◆ TASK PROMPT: Begin at the line below that holds "Flag of Skuodas" and end at the line that holds "Veneranda Fabbrica del", transcribing each line exactly and skipping any picture.

◆ PROVIDED ENTRIES:
┌──
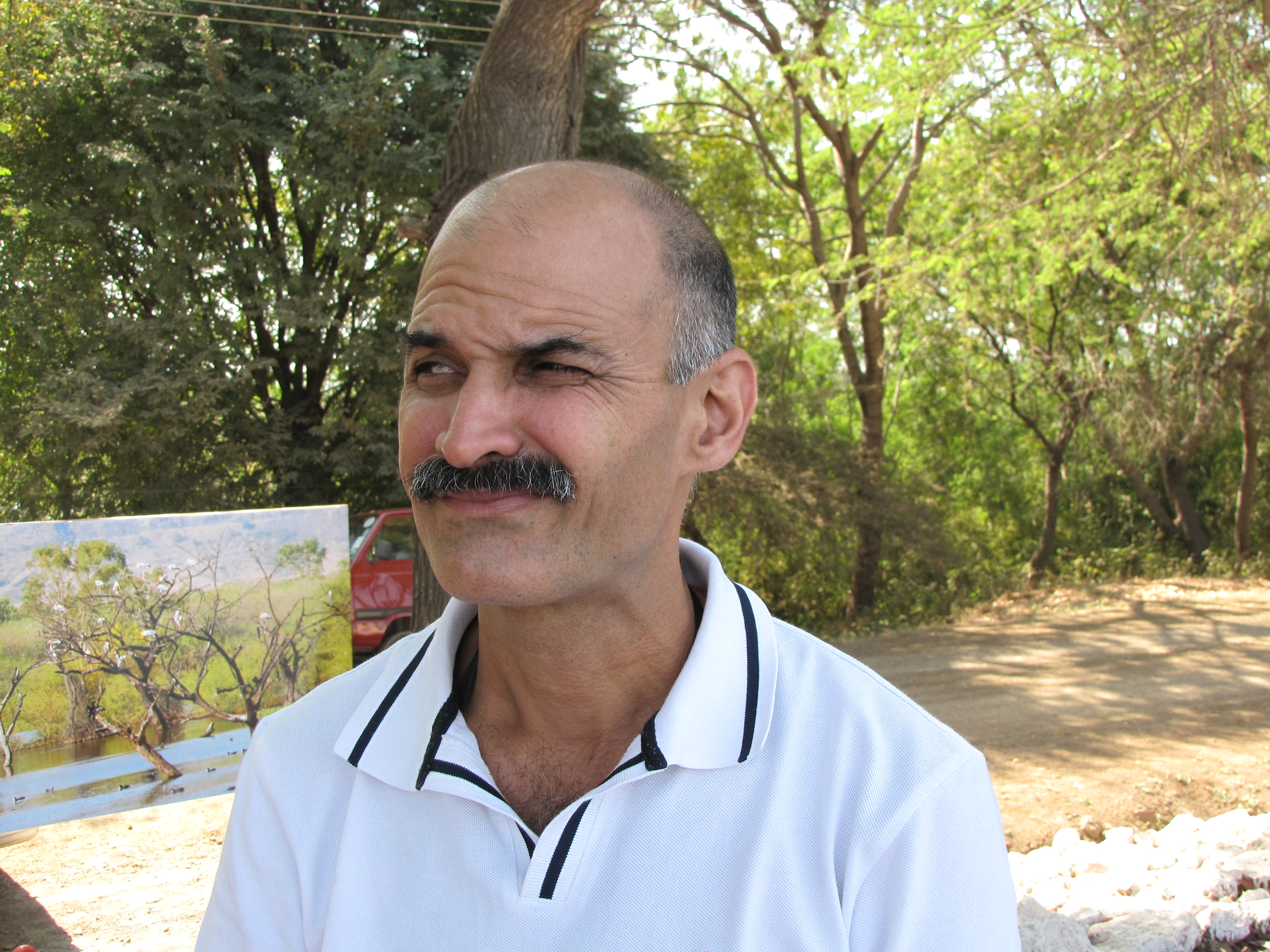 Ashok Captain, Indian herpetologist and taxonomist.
└──
┌──
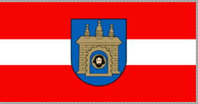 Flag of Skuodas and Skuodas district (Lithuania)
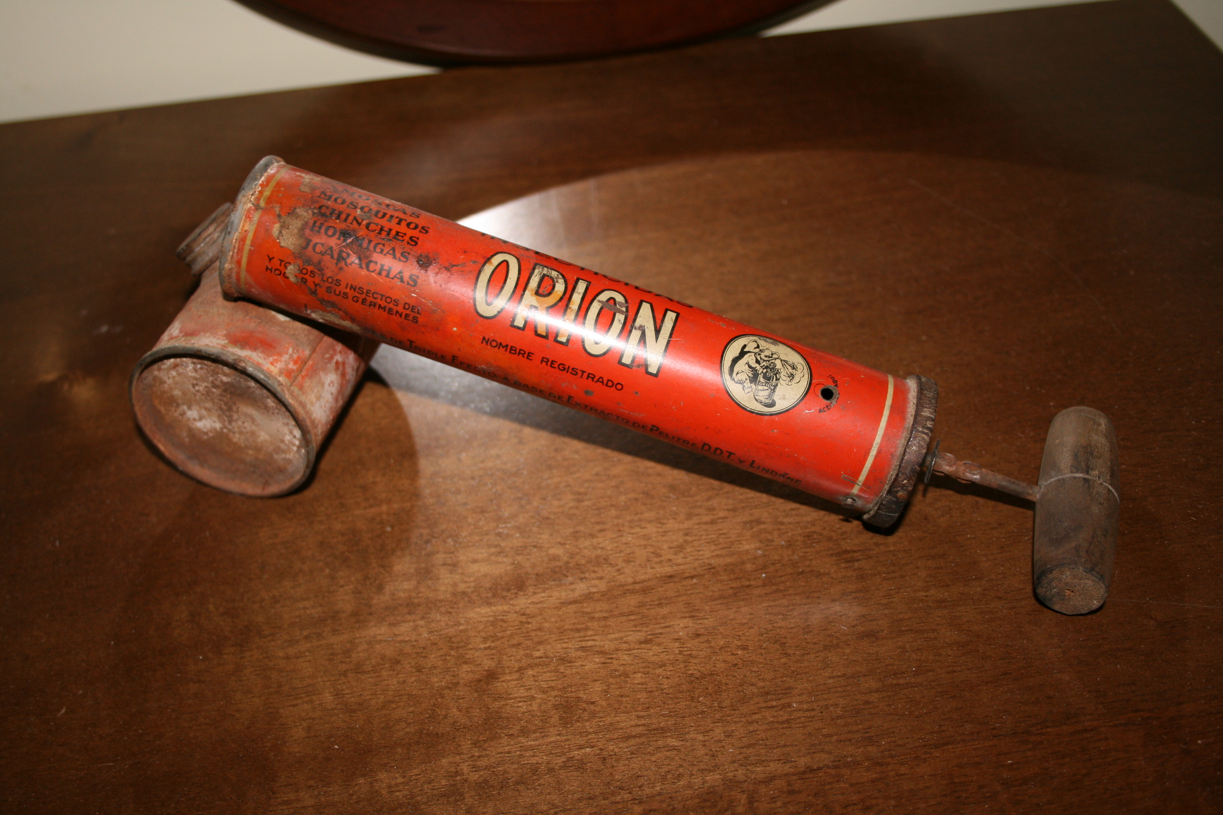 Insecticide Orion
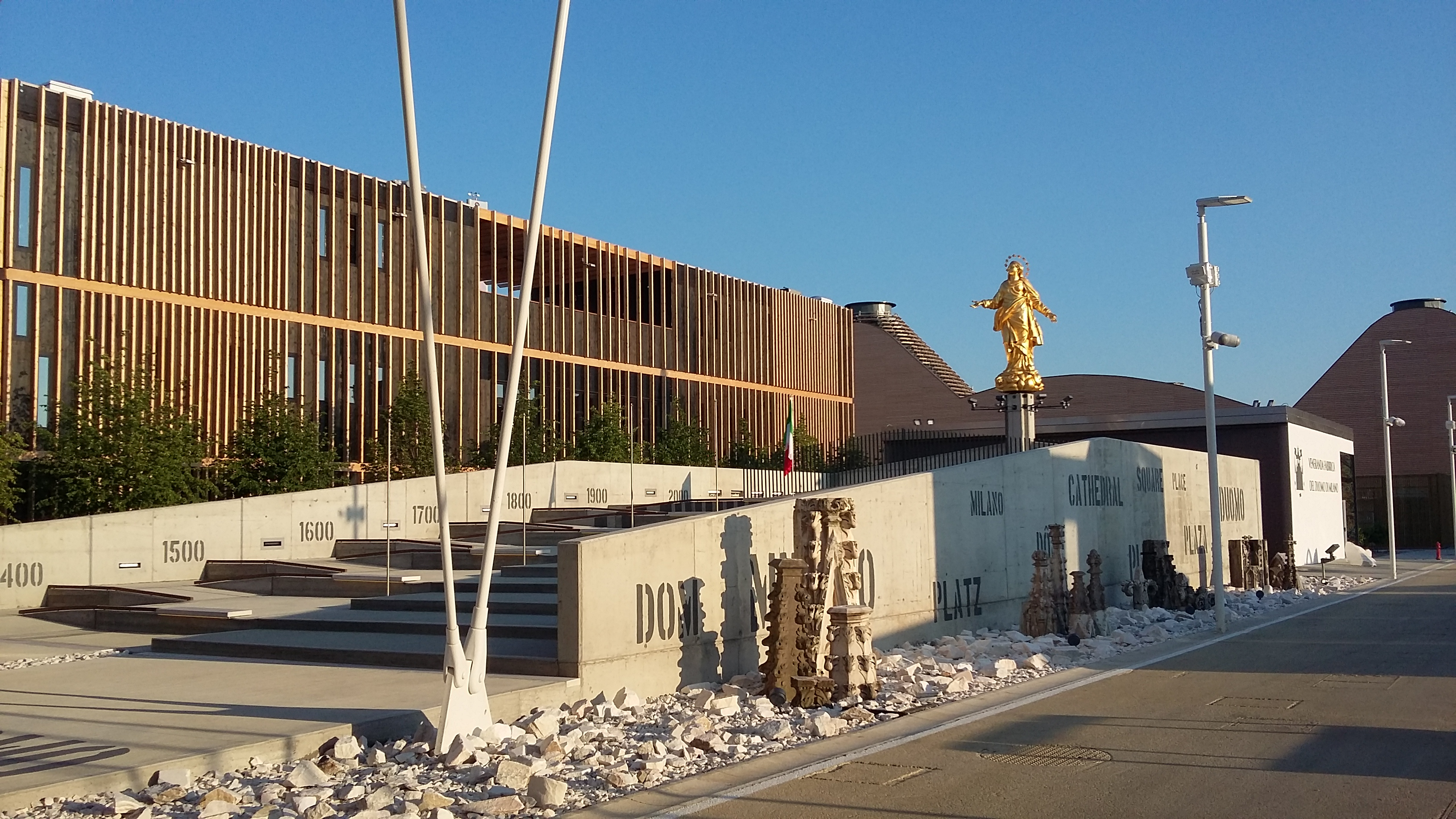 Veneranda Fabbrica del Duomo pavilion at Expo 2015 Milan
└──
┌──
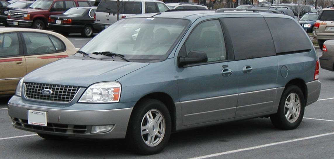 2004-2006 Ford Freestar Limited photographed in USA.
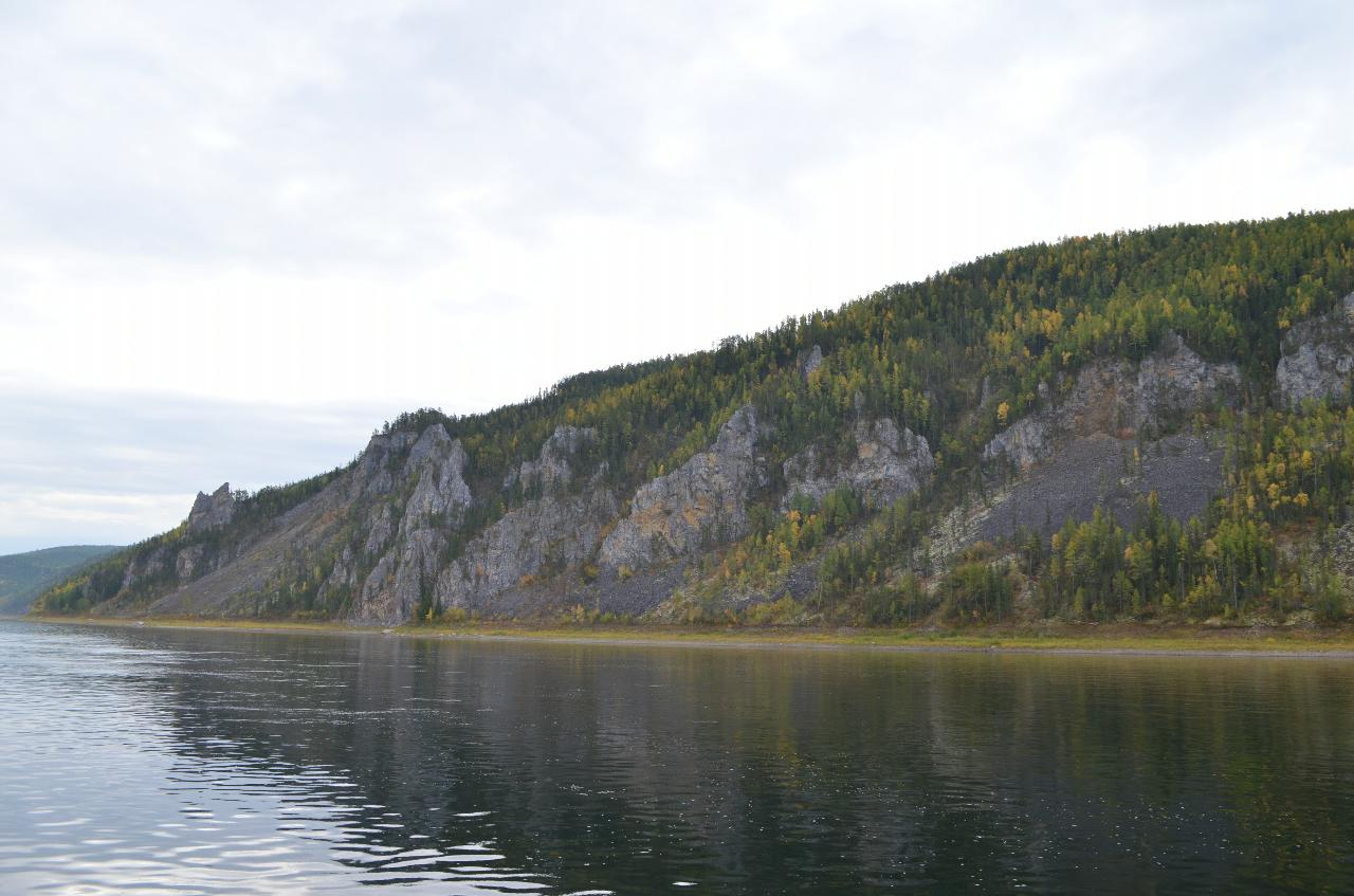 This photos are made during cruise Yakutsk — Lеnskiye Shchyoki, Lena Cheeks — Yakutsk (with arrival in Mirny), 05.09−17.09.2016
└──
◆ REPLY TO THE TASK:
 Flag of Skuodas and Skuodas district (Lithuania)
 Insecticide Orion
 Veneranda Fabbrica del Duomo pavilion at Expo 2015 Milan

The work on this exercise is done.